Roux snorted, laughing now, too. “Okay, but I still think Lavonda’s winning. That’s gross, not bad.”

“Except I brush my teeth with a regular old Oral-B,” Panda said, and then there was a pause. She made them wait for it, but I got there first and felt a bubble of shocked laughter rising. “Only Francis brushes with the battery-powered kind.”

Then they were all laughing like a pack of jackals, covering my own laughter. Poor Francis! I would never be able to look at his lovely white teeth in the same way again.

“Oh, my God,” Lavonda said, lifting her plastic cup. A good inch of clear liquid sloshed around in the bottom. “You got me. You have the lead.”

“Tate?” Roux said, lofting her own glass. “I don’t think you can beat that. Drink.”

“Hold on!” Tate said, sitting up very straight. Panda never beat Tate at anything. Tate leaned in. “I frenched a guy last week. Not my husband. Boom, bitches. Why don’t y’all drink to that.”

The hilarity drained instantly. Silence from Panda. Silence from Lavonda. I found myself stepping in closer.

“Who?” Panda said, and there was such outrage in her voice that even sloppy-drunk Tate seemed to hear it. “Who was it? Someone we know? Someone’s husband?”

Tate backpedaled. “God, no! No one you know.”

I did not believe this.

“Well, that wins,” Roux said, wry, and drained her cup.
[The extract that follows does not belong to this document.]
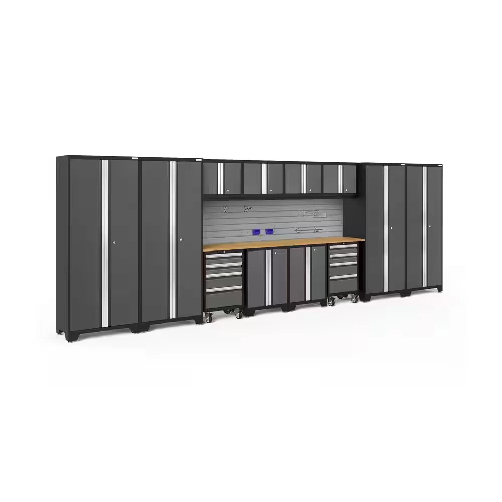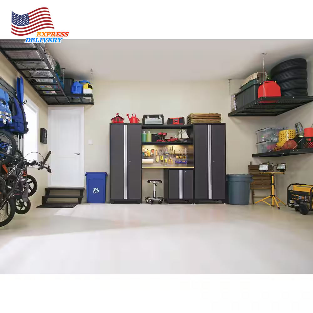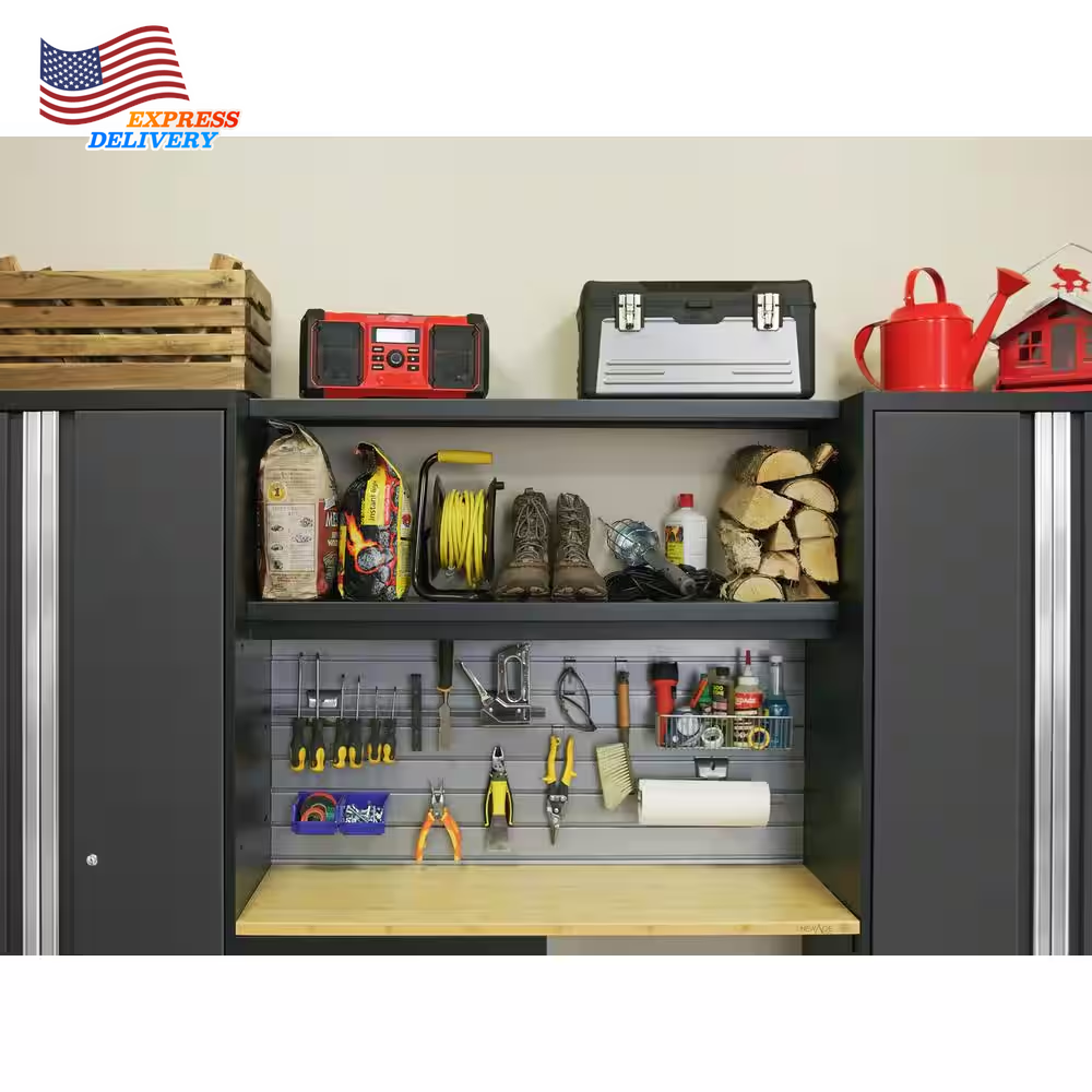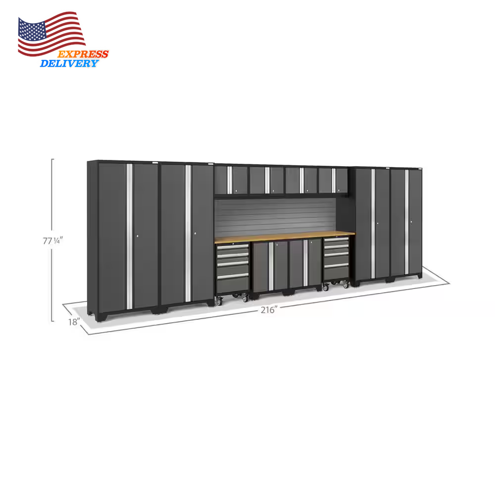 Store New Arrivals Add to Favorite View Feedback Contact Bold Series 14-Piece 24-Gauge Steel Garage Storage System in Gray Description Assembly Required Yes Assembly Type Pre-Assembled Color Family Gray Color/Finish Gray Features Adjustable Legs,Adjustable Shelves,Backsplash,Door Available,Drawer Available,Lockable,Scratch Resistant,Worktop Grade Standard Duty Included Base Cabinet,Handle(s),Slat Wall,Wall Cabinet Material Steel Number of Pieces 14 Returnable 90-Day Worktop Material Bamboo Manufacturer Warranty Limited Lifetime Assembled Depth (in) 18 in Assembled Height (in) 76.75 in Assembled Width (in) 216 in Steel construction and bamboo top ensure excellent durability Multiple shelves for storing a range of items Adjustable legs enable easy leveling on uneven surfaces Upgrade the look and organization of your garage with Bold Series Cabinetry. Built with heavy-duty 24-gauge steel for added strength, these cabinets are ready to hold everything from sports equipment to gardening tools and the durable coating ensures long-term protection against everyday heavy use. Full-length aluminum handles let you easily access your gear, with lockable doors to keep items secure. Full-extension drawers and adjustable shelves give you the customizable space to store items of all sizes. Our Slat wall Backsplash is a precision-fit, high-strength steel backing for your cabinet setup. The 3 in. on-center slat wall features a high-gloss powder coat paint finish. Resistant to rust, and easily wiped clean of dirt, paint and oil, this backsplash adds functionality and style to your workspace when paired with the Slat wall Accessory Kit. Get organized and improve the functionality of your garage, with a Bold Series Cabinet System. ABOUT US We offer the best prices around on high quality products. Our E-store includes media such as books, movies, music and games while offering electronics, toys, sporting apparel, clothing, tools, general home, garden items and more. SHIPPING We are always working hard to ensure your package arrives as soon as possible. Please understand that some factors like weather, high postal traffic, and the performance of shipping companies are outside of our control. We offer free shipping to the lower 48 states and ship within 2 business days of payment, usually sooner. We do not accept P.O. Boxes. Please provide a physical address. For shipping outside of the continental USA, we only use eBay's Global Shipping Program.The item is shipped to KY and then sent to the rest of the world. International customers are responsible for all duties and taxes. Continue to check out in order to calculate costs for shipping the item to your country. Messages regarding eBay's Global Shipping Program MUST be directed at eBay EXCLUSIVELY. RETURNS We offer a 30-Day Return Policy on items which you are not completely satisfied with. You have the option for a full-refund or an exchange of the item. No returns are available on items shipped outside of the USA. PAYMENT We accept PayPal. CONTACT US This page content is yet to come Please ad us to your favorite seller and visit again later Thank You CUSTOMER SATISFACTION We try our very best to make sure every customer is completely satisfied. If there's a problem, message us! We're happy to help. WE ACCEPT Copyright © 2021 AutoDS. | All Rights Reserved

Panda and Lavonda were still staring at Tate.

“You let him?” Panda said.

Tate said, “No, no, I pushed him right away. I guess I . . . felt sorry. He was saying how his wife was pregnant and she was being the sex camel. I felt bad for him, you know? He misread it, and he tried something. I shut it down. Of course. Not a big deal. Panda wins. Here, I’ll drink.” She guzzled at her cup.

I was reverberating with a second shock. Pregnant? Did she mean Charlotte’s husband? Surely not. The world was full of pregnant women. Just because Char was the only pregnant person in our neighborhood right now, it didn’t mean Tate had started something up with Phillip Baxter.

“Who was it, Tate?” I had to know. I couldn’t stand here, passive, eavesdropping. Tate turned her head to peer at me with owlish eyes. I don’t think she’d realized I was back until that moment. Her eyes widened, and her face flushed a deep, dark red. Panda and Lavonda were her inner circle, but I was Charlotte’s. Tate couldn’t look away from me, and I could see drunk wheels spinning in her head.

“Just a guy I met . . . um, at the car place. We were stuck in that waiting room, and we got talking,” she said, overloud, looking right at me, and she was lying.

“It’s just a game, y’all,” Roux said, getting up. “Panda won. Come join us for the next round, Amy.”

She walked toward me, slow and slinky, like a parody of a fifties housewife, carrying a glass with a shot of gin at the bottom.